To: TobagoJack who wrote (12561)12/16/2006 8:57:01 AM
From: Maurice Winn  Read Replies (1) | Respond to of 217795
 
Inflation is already in the bag: <I am still undecided on inflation vs depression, and am willing to wait for the revelation, when the biblical moment arrives>

Have you not noticed the price of gold, oil, land, houses, medical bills, government, wars?

Yes, it's true that the price of CDMA [whether terrestrial or space-based], notebook computers and wifi have fallen, along with things Made in China [which includes said CDMA]. But I can't counteract dilution of currencies completely, while Helicopter Big Ben is throwing bundles of bucks out of the helicopter and China is not just matching his efforts but doubling them and Japan is not wishing to be an also-ran.

The Deflation stream has been on the lookout for the abominable beast since the 1990s and I have laughed at the prospect of BigFoot showing up any time soon.

Uncle Al KBE avoided the biotelecosmictechdot.com attempt on deflationary depression, which had an assist from Osama though Osama's assist was a year too late. Too much market had cleared already. Now the real estate debtors are making an attempt on implosion. Will Big Ben be up to the task? So far, so good and he hasn't cut interest rates at all. Blackhawks have not been redeployed to Manhattan from Baghdad though withdrawal from Iraq is under discussion.

Mqurice



To: TobagoJack who wrote (12561)12/16/2006 11:58:48 AM
From: Ilaine  Read Replies (1) | Respond to of 217795
 
Although my hero, Milton Friedman, took the position that "inflation is always and everywhere a monetary phenomenon", it's also true that things become more expensive because they are more complex, value added.

This applies to things like education, health care, and Lexus SUVs -- you're paying more, in part, because you're getting more.

My sister-in-law recovered from a form of leukemia which was almost always fatal before they perfected the use of bone marrow transplants after myoablation.

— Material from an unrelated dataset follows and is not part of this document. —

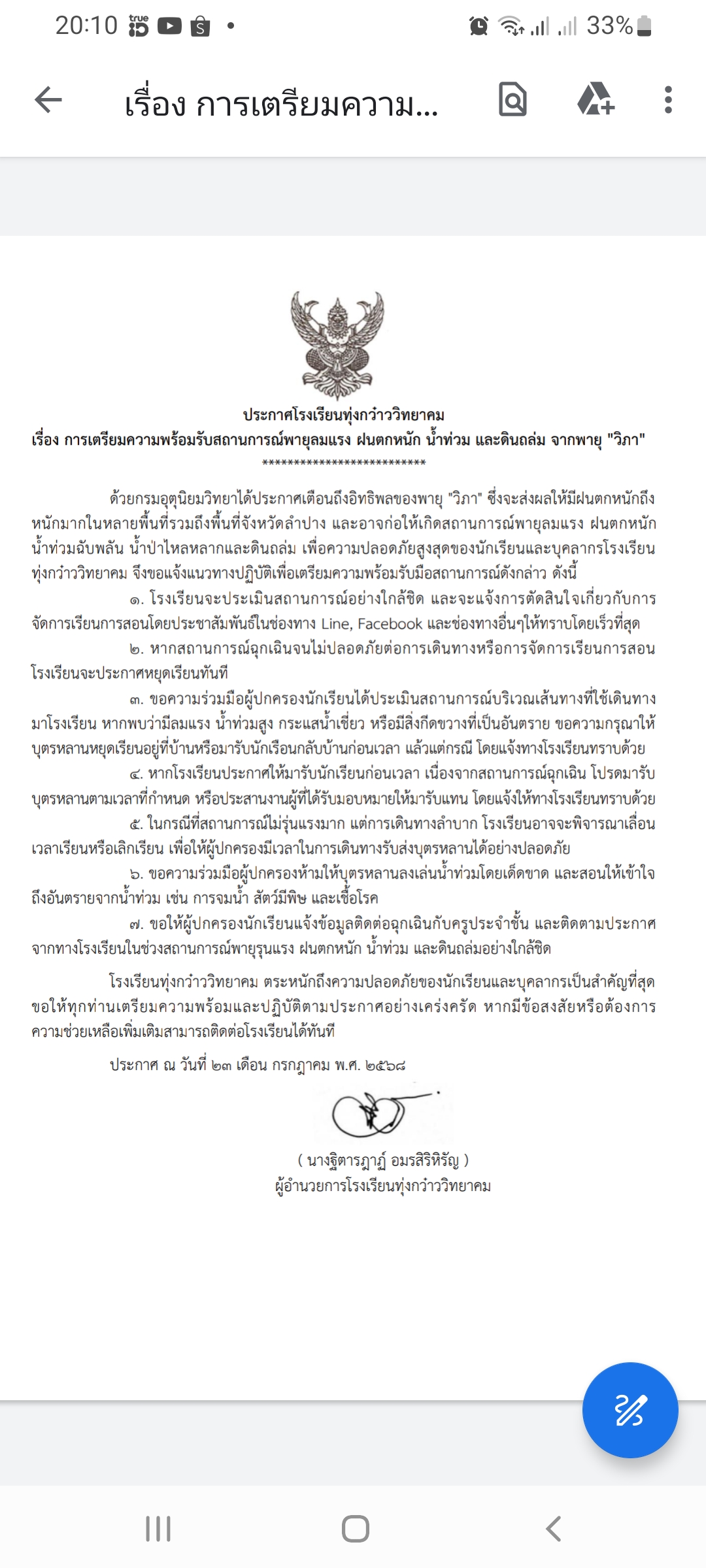 ประกาศโรงเรียนทุ่งกว๋าววิทยาคม เรื่องมาตรการการเตรียมความพร้อมรับมือ พายุวิภา

Her donor had a different blood type but that didn't matter because he/she was otherwise a very good match, so my sister-in-law now has that blood type, and must take drugs to keep from rejecting the graft, but she walked out of the cancer ward at M.D. Anderson Cancer Center in Houston after more than a year, all paid for by her health insurance.

Very good value for money.

At my sons' universities, they have nifty things like computer workstations for every student in classes wherever the use of a computer is useful, and places to jack in your laptop in every classroom, and cable in every dorm room, night classes for working students, telecommuting classes for all, health clinics, study abroad, big new buildings being built all the time to accommodate more students, and a host of other neat things, again, good value for money.

I don't drive a Lexus, I drive a Toyota Sienna, which has airbags for all, and electronic gizmos everywhere, gets reasonably good mileage and is very safe in crashes. Makes my first car, a 1967 Volkswagen Beetle, look like a golf cart.

Not to mention the fact that, if I maintain it carefully, may get close to 200,000 miles out of it, while old style Detroit iron self-destructed at 75,000 miles, regular as clockwork.

BTW, watching OPEC manipulate the price of petroleum must have made Dr. Friedman come up with a caveat or two. That's not a monetary phenomenon, at all.